◆ Action item
Return only the lines below starting at the line containing "Jeweils am zweiten" and ending at the line containing "تنگ برنجی مینیاتوری قلمزنی کهنه سایز کوچک", both included, exactly as they are and with no pictures.

◆ Records for this task
————————
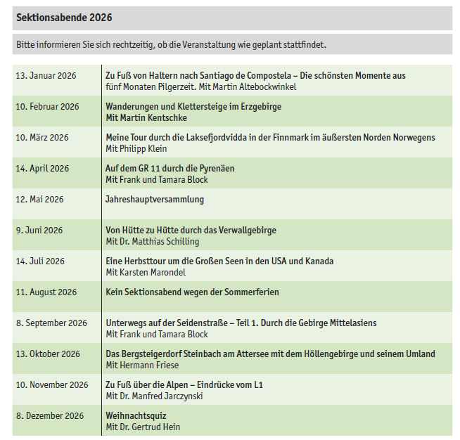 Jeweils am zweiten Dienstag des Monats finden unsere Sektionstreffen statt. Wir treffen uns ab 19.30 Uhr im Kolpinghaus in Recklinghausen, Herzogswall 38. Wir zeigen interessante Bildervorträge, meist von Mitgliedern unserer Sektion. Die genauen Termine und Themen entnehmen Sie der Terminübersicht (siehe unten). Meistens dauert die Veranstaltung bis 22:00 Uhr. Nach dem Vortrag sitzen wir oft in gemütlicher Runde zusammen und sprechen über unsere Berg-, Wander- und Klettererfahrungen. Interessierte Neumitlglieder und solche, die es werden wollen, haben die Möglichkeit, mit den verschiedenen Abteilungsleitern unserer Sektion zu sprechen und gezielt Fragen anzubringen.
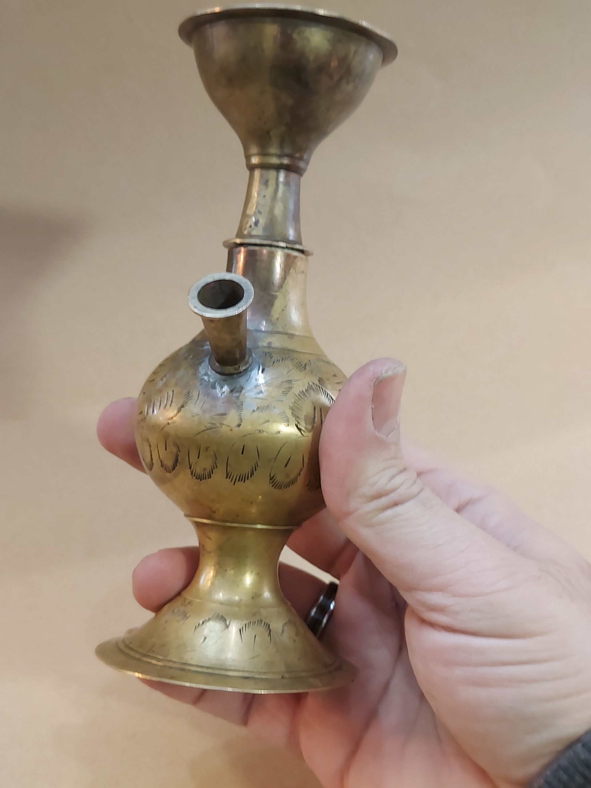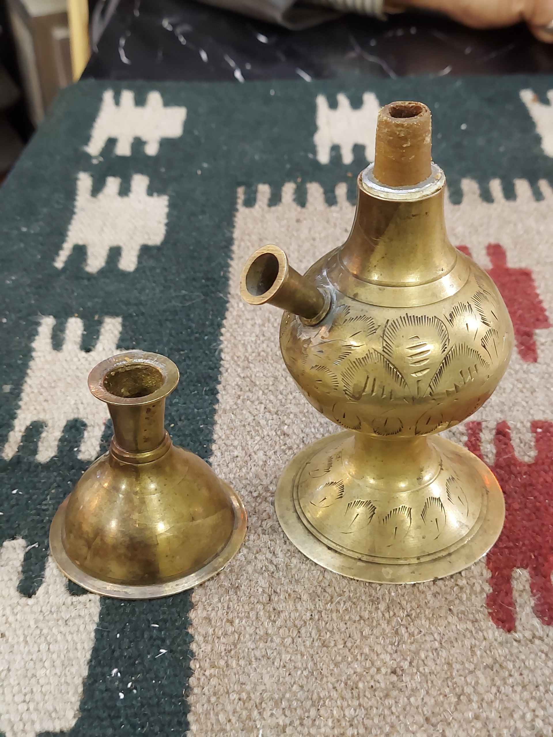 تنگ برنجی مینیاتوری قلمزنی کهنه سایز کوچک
————————
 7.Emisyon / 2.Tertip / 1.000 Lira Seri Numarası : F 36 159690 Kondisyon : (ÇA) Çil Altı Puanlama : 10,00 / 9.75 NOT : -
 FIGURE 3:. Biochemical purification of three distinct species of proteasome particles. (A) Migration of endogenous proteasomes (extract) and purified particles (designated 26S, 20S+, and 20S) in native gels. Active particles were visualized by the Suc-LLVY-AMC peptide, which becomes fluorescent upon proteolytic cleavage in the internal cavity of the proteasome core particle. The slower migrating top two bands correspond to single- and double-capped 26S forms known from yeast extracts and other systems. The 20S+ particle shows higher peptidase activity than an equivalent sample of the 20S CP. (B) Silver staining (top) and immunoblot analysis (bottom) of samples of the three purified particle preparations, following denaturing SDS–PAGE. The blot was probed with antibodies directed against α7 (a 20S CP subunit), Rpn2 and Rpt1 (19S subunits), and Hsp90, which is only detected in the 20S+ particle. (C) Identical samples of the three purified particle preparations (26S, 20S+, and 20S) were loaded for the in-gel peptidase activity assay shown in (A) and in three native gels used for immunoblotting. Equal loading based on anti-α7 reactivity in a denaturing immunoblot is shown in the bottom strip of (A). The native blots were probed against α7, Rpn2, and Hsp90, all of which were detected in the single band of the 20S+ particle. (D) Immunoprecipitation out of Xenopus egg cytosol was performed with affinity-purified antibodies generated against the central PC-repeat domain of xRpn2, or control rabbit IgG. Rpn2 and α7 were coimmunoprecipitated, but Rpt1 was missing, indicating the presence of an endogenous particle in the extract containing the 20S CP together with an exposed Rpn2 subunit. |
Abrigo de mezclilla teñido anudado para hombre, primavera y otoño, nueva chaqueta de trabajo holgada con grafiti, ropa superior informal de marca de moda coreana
————————
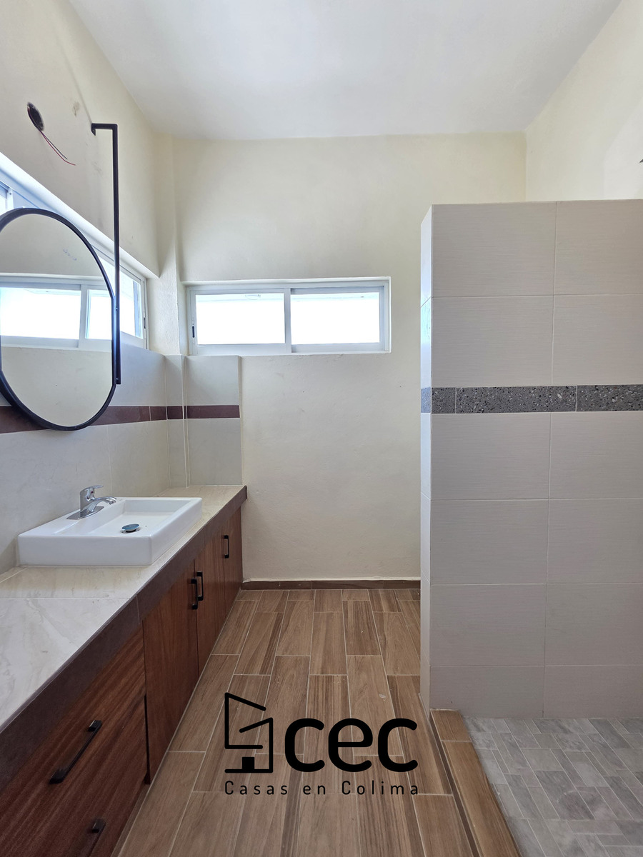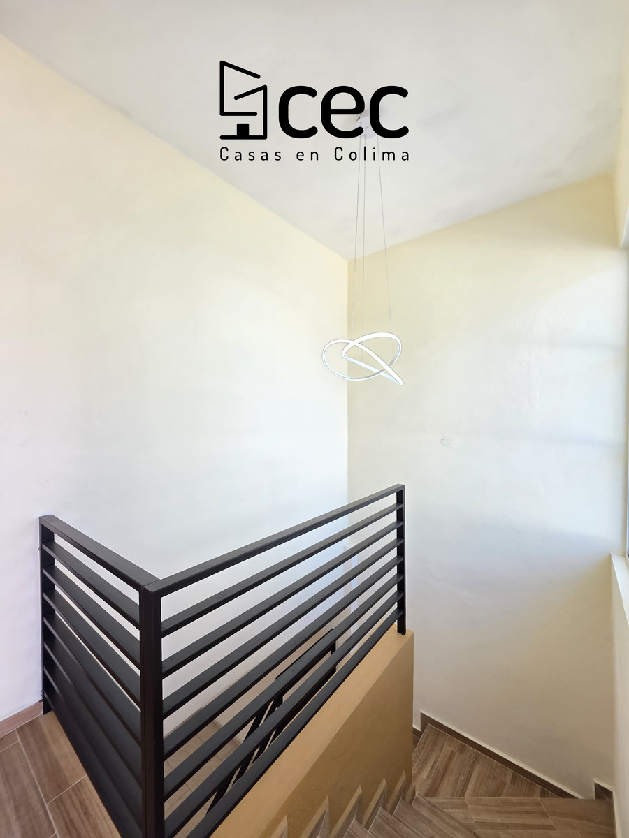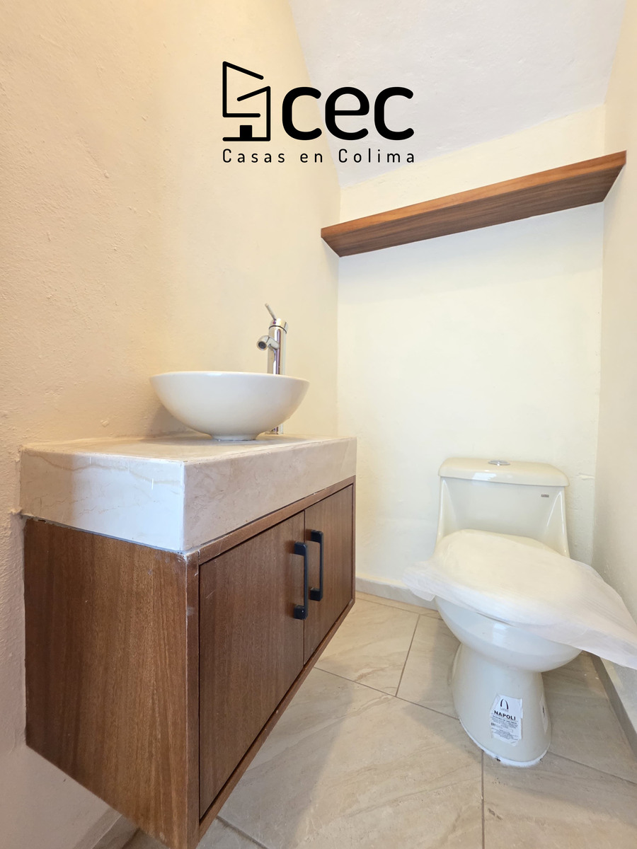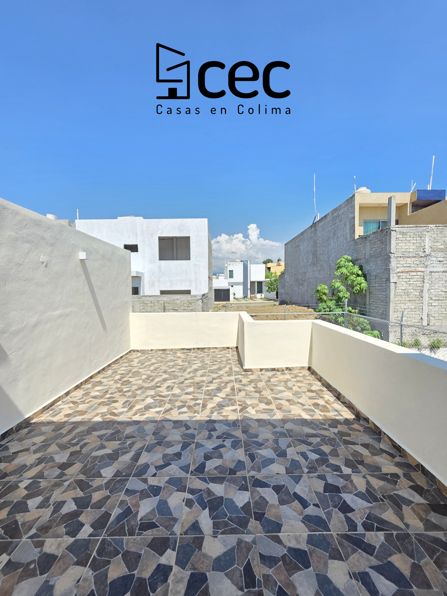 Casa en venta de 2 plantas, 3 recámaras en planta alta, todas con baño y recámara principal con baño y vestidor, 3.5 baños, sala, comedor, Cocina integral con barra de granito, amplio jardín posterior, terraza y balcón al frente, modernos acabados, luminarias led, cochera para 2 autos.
————————
◆ The completed task
 Jeweils am zweiten Dienstag des Monats finden unsere Sektionstreffen statt. Wir treffen uns ab 19.30 Uhr im Kolpinghaus in Recklinghausen, Herzogswall 38. Wir zeigen interessante Bildervorträge, meist von Mitgliedern unserer Sektion. Die genauen Termine und Themen entnehmen Sie der Terminübersicht (siehe unten). Meistens dauert die Veranstaltung bis 22:00 Uhr. Nach dem Vortrag sitzen wir oft in gemütlicher Runde zusammen und sprechen über unsere Berg-, Wander- und Klettererfahrungen. Interessierte Neumitlglieder und solche, die es werden wollen, haben die Möglichkeit, mit den verschiedenen Abteilungsleitern unserer Sektion zu sprechen und gezielt Fragen anzubringen.
 تنگ برنجی مینیاتوری قلمزنی کهنه سایز کوچک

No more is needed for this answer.